Transcribe, exactly and without pictures, the lines below from the line with "本文一共統計了109座北京地" to the line with "카카오뱅크 ai 이모지", both ends included, and no others.

* _INPUT DATA_
===============

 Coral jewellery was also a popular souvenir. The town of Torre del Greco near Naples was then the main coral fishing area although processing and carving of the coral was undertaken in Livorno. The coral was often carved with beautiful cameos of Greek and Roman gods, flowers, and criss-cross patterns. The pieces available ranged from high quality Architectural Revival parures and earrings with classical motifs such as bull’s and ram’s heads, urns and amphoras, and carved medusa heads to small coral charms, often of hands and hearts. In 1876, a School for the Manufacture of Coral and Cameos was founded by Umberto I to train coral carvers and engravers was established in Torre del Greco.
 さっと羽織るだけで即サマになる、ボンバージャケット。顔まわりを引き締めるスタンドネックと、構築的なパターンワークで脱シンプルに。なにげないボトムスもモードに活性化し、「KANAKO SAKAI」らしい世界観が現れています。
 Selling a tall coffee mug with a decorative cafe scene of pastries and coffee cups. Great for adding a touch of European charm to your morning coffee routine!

===============

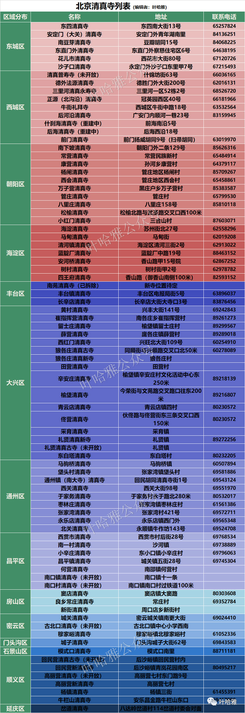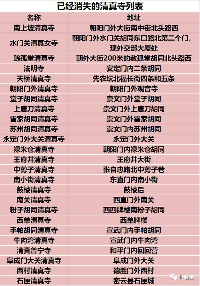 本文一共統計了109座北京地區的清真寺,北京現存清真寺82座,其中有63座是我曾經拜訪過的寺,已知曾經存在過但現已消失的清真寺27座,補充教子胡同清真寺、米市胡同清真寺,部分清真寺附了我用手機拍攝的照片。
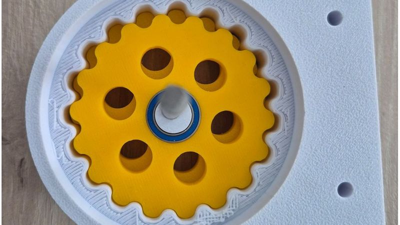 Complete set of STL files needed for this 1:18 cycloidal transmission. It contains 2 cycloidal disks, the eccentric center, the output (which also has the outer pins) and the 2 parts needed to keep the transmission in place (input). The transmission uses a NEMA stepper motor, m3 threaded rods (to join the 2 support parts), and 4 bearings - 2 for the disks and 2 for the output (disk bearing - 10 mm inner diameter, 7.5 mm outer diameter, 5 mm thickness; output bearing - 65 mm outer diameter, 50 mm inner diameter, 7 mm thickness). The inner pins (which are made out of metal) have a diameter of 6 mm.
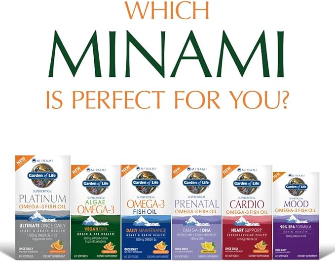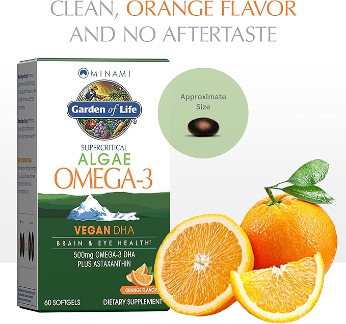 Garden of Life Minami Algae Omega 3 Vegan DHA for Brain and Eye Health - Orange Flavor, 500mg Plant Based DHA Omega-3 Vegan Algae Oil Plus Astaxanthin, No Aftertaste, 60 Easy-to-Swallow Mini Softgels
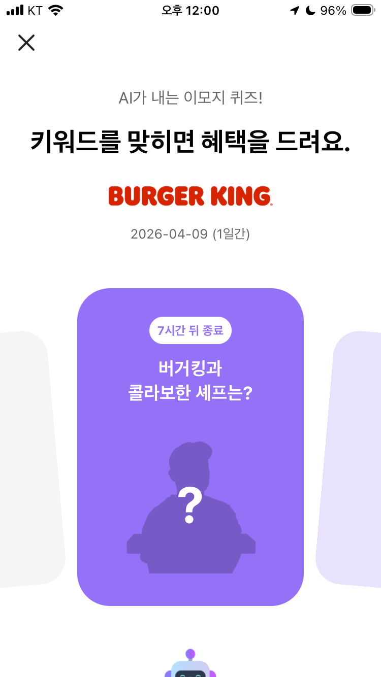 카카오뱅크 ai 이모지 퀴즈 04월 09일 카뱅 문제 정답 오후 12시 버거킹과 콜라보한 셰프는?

===============

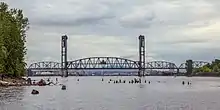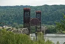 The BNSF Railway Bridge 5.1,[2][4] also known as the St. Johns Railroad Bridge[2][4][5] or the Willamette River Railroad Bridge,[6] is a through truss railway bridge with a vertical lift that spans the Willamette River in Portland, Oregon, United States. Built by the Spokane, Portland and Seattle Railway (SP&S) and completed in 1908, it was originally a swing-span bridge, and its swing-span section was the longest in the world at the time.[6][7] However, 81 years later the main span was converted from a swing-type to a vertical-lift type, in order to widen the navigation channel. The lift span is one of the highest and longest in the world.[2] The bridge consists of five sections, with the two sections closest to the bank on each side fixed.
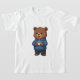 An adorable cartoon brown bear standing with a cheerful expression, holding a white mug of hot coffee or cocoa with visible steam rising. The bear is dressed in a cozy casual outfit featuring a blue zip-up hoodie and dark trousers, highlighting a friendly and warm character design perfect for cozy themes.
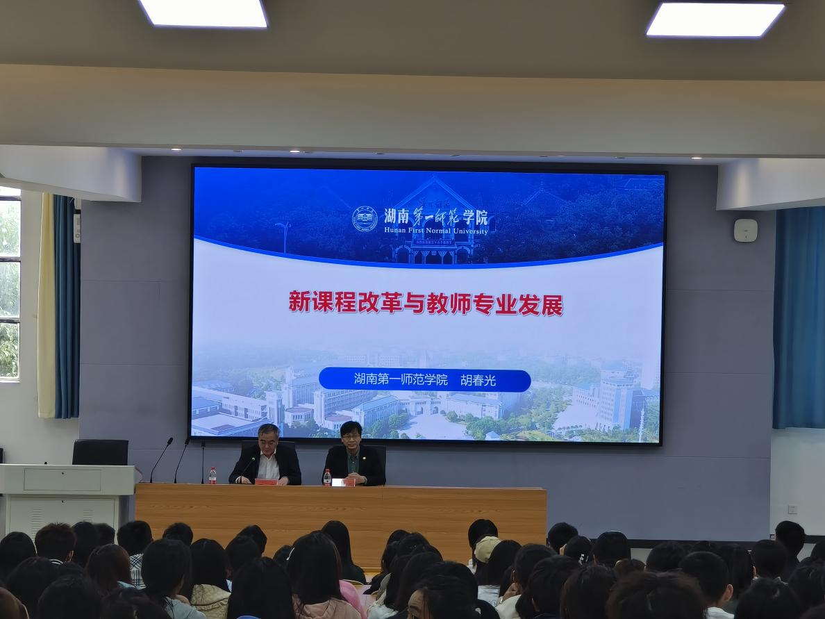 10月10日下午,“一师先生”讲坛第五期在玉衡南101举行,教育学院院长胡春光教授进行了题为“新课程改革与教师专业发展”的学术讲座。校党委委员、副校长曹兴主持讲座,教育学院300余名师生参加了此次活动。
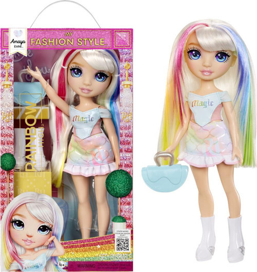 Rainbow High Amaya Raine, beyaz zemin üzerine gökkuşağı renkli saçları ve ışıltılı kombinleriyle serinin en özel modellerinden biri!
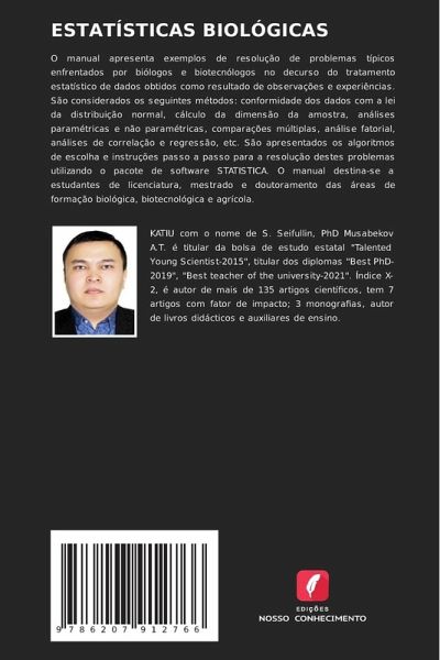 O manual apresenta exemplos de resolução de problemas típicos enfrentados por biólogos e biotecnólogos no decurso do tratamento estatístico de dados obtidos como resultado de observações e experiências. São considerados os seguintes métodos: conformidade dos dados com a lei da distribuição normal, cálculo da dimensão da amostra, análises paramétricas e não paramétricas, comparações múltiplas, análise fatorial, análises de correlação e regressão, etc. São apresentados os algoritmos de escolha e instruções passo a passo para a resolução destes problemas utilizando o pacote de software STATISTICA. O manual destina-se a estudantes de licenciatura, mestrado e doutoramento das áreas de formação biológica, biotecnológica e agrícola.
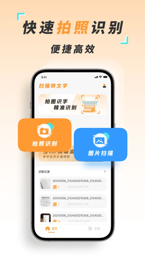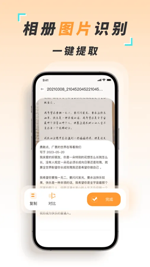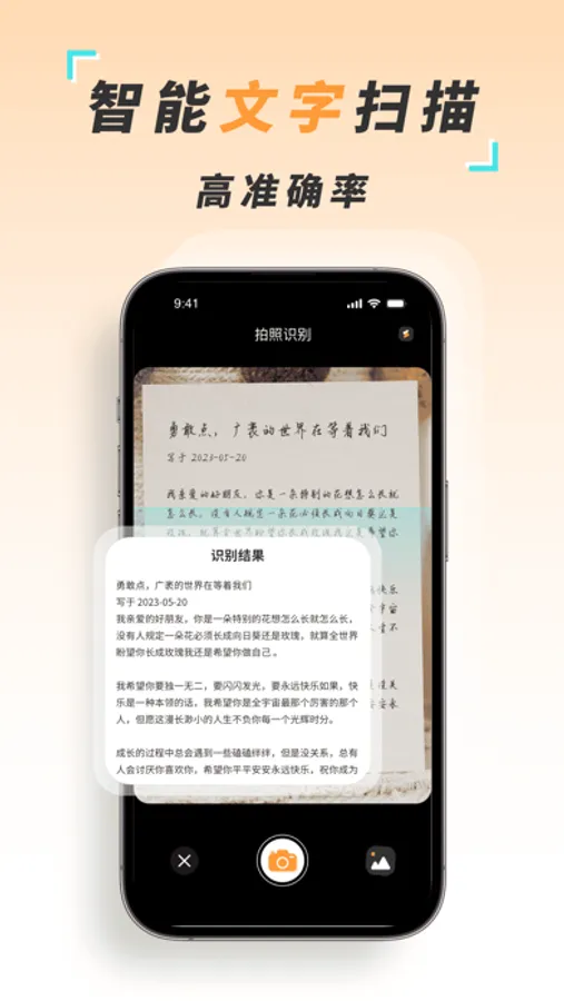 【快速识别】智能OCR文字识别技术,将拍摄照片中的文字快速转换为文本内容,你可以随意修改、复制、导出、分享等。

===============

* _REPLY_
 本文一共統計了109座北京地區的清真寺,北京現存清真寺82座,其中有63座是我曾經拜訪過的寺,已知曾經存在過但現已消失的清真寺27座,補充教子胡同清真寺、米市胡同清真寺,部分清真寺附了我用手機拍攝的照片。
 Complete set of STL files needed for this 1:18 cycloidal transmission. It contains 2 cycloidal disks, the eccentric center, the output (which also has the outer pins) and the 2 parts needed to keep the transmission in place (input). The transmission uses a NEMA stepper motor, m3 threaded rods (to join the 2 support parts), and 4 bearings - 2 for the disks and 2 for the output (disk bearing - 10 mm inner diameter, 7.5 mm outer diameter, 5 mm thickness; output bearing - 65 mm outer diameter, 50 mm inner diameter, 7 mm thickness). The inner pins (which are made out of metal) have a diameter of 6 mm.
 Garden of Life Minami Algae Omega 3 Vegan DHA for Brain and Eye Health - Orange Flavor, 500mg Plant Based DHA Omega-3 Vegan Algae Oil Plus Astaxanthin, No Aftertaste, 60 Easy-to-Swallow Mini Softgels
 카카오뱅크 ai 이모지 퀴즈 04월 09일 카뱅 문제 정답 오후 12시 버거킹과 콜라보한 셰프는?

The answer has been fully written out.